Sam had no answer to that and they bounced along a while in silence.
Burton nodded to the gypsy Egyptianeer, Archibald, on the way down. The purveyor of circus-ring Egyptology raised a finger like he wanted to get Burton’s attention, but Burton had no time for the man and kept walking. If he waited, he’d lose his opportunity.
A big man stood at the bottom of the stairs like a sentinel, but he was distracted, staring up at the pulpit over his head with tears in his blue eyes. Burton pushed past him and aimed for the small knot of military men crossing the plascrete well of the Tabernacle, heading for a discreet exit.

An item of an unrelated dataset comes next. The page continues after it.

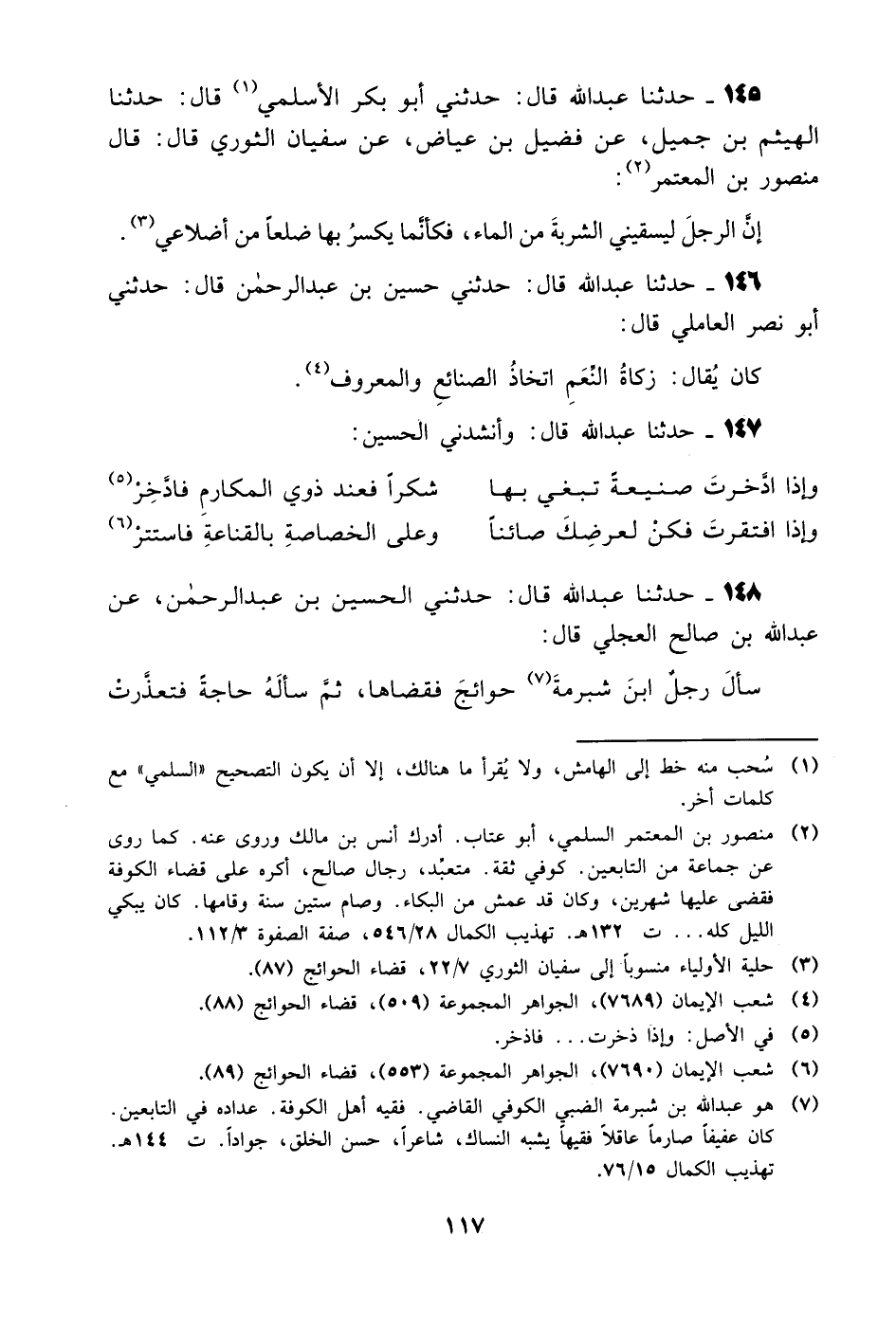 148 - حَدَّثَنَا عبد الله قال حَدَّثَنِي الْحُسَيْنُ بْنُ عَبْدِ الرَّحْمَنِ عَنْ عَبْدِ اللَّهِ بْنِ صَالِحٍ العجلي قال سأل ابْنَ شُبْرُمَةَ حَوَائِجَ فَقَضَاهَا ثُمَّ سَأَلَهُ حَاجَةً فَتَعَذَّرَتْ -[118]- عَلَيْهِ فَلَامَهُ فَقَالَ حِبَّانُ بْنُ عَلِيٍّ وَاللَّهِ إِنَّ رَجُلًا مَنَعَهُ شُكْرًا كَثِيرًا أُولِيهِ قَلِيلٌ مُنِعَهُ لَقَلِيلُ الشُّكْرِ فَقَالَ ابْنُ شُبْرُمَةَ هَذَا وَاللَّهِ رَجُلُ أَهْلِ الْكُوفَةِ بَعْدَ قَلِيلٍ.
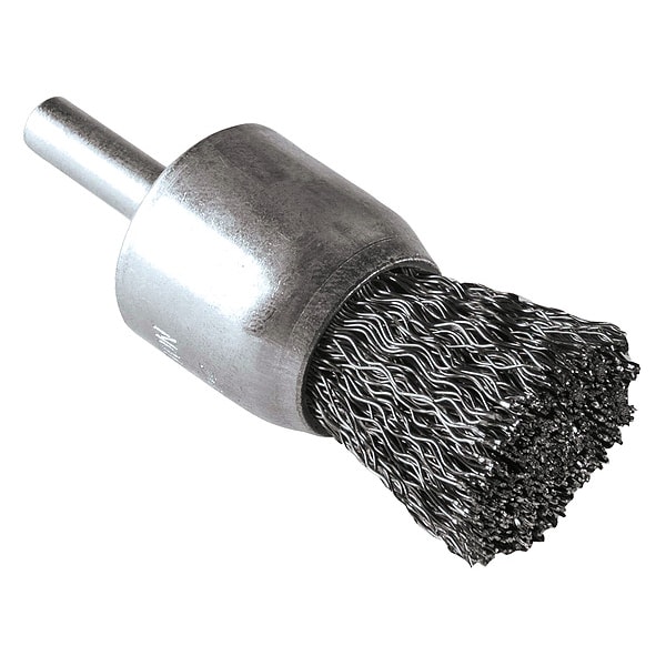 Wire Wheel Brush, Quick Change System Not Applicable, Bristle Type Crimped Wire, Bristle Material Carbon Steel, Brush Dia. 1 in, Wire Dia. 0.014 in, Bristle Length 7/8 in, Grit Not Applicable, Compatible Tool Type Right-Angle Grinder, Color Not Applicable, Connector Type Shank, Connector Size 1/4 in, Operating Speed - Maximum 4,500 RPM, Shank Length 1/4 in

“Captain Everett Morgan!” he called out, straightening his own back and shoulders to a self-consciously military bearing. “Sir!”
Morgan turned.
Close up, his facial hair made him look bellicose and dangerous. Burton smiled at the man, grateful that his own scars gave him a certain ugly masculine charisma as a counterpoise.
“Yes, suh,” Morgan said. His voice was heavy with a sort of sardonic skepticism.

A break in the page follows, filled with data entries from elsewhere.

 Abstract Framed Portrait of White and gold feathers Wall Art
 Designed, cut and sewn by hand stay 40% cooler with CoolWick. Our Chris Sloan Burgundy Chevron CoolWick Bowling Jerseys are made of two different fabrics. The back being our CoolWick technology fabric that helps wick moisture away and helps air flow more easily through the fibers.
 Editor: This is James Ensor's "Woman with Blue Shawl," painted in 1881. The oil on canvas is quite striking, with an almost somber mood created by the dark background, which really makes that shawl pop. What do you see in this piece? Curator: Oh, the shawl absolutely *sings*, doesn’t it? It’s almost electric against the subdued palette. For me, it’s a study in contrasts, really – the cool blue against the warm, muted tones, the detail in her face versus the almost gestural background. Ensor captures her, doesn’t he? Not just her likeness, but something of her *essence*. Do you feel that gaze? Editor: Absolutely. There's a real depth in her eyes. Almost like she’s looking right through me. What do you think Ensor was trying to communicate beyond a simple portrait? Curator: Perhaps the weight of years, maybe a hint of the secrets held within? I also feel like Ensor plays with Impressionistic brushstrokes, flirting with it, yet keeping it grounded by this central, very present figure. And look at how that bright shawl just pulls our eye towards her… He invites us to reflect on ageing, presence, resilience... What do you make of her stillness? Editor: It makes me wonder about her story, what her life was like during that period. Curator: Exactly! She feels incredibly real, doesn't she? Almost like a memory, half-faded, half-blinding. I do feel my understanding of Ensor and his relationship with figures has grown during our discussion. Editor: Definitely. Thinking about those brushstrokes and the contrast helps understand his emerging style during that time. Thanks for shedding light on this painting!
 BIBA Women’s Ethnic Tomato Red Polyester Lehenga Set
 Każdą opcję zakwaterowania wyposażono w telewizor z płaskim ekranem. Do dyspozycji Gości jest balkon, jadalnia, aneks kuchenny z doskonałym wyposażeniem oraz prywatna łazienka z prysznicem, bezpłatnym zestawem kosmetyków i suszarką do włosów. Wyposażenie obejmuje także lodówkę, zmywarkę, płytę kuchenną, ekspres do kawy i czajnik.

“I am Captain Richard Burton,” Burton identified himself, extending a hand, “Special Envoy of Her Britannic Majesty, Queen Victoria.”
“You hear that, boys?” Morgan drawled over his shoulder. “Even the Queen is taking an interest.” He didn’t take Burton’s hand.
“Yes,” Burton snapped sternly. “Yes, by Indra’s thundering chariots, she is! What kind of military officer are you, that so cavalierly dismisses the envoy of a valued and valuable ally, and that on the brink of war!”
“Brink?” Morgan asked, slyly. “I’m afraid I must correct you, suh. The brink, exciting as it was, was yesterday. Today is rather more humdrum and ordinary. Today is merely another day of war.”
“All the more reason!” Burton snarled through grinding teeth.
“As for alliances, suh, do you imagine that a mere officer in the field makes decisions as to what nations are and are not his allies?”
“No sir, I do not!” Burton raged. “I also do not imagine that such a man, if he wishes to remain in the field and an officer, may with impunity ignore the decisions of his government as to who his allies are!”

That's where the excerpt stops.